In a reversal of this story, currently using my future mother in law's enameled lodge to make tomato sauce for egg plant parm. Attempting to throw together some italian american comfort food at its finest . . . hard to go wrong with anything covered in two metric tons of fresh grated parmigiano reggiano, so I'm optimistic


----------



## krx927 (Feb 26, 2015)

I have Le Creuset and le Chasseur. They perform exactly the same. the only difference is in the weight, le Chasseur is much heavier.

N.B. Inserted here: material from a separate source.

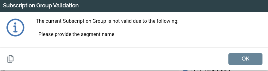 Specific validation errors are outlined in the subscription group documentation. When one or more validation errors is present, a validation error indicator is shown: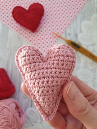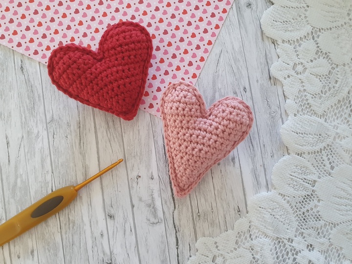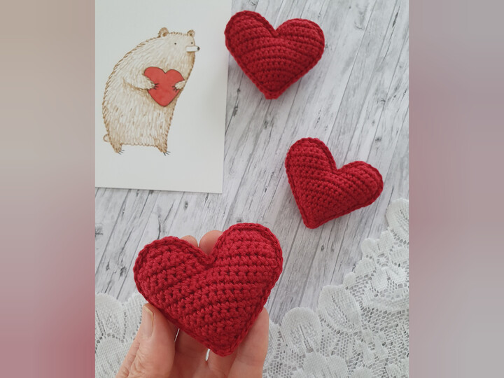 Mit dieser Häkelanleitung kannst du selber kleine Herzen häkeln. Die Anleitung enthält Beschreibungen für 2 verschiedene Herz-Varianten (ein schmaleres Herz und ein breiteres Herz).

I would buy the biggest you can afford! I started with 5l le Chasseur and it was to small to prepare a meal for 4 (one pot meal with a big peace of meat and plenty of veggies). Later I bought 34cm diameter Le Creuset (I think it is the biggest one they sell) and it is just perfect. A bit heavy but in any case much lighter than similar le Chasseur.


----------



## chiffonodd (Feb 28, 2015)

krx927 said:


> I have Le Creuset and le Chasseur. They perform exactly the same. the only difference is in the weight, le Chasseur is much heavier.
> 
> I would buy the biggest you can afford! I started with 5l le Chasseur and it was to small to prepare a meal for 4 (one pot meal with a big peace of meat and plenty of veggies). Later I bought 34cm diameter Le Creuset (I think it is the biggest one they sell) and it is just perfect. A bit heavy but in any case much lighter than similar le Chasseur.



Going to the le creuset outlet tomorrow  they should have some pretty sweet deals


----------



## chiffonodd (Mar 3, 2015)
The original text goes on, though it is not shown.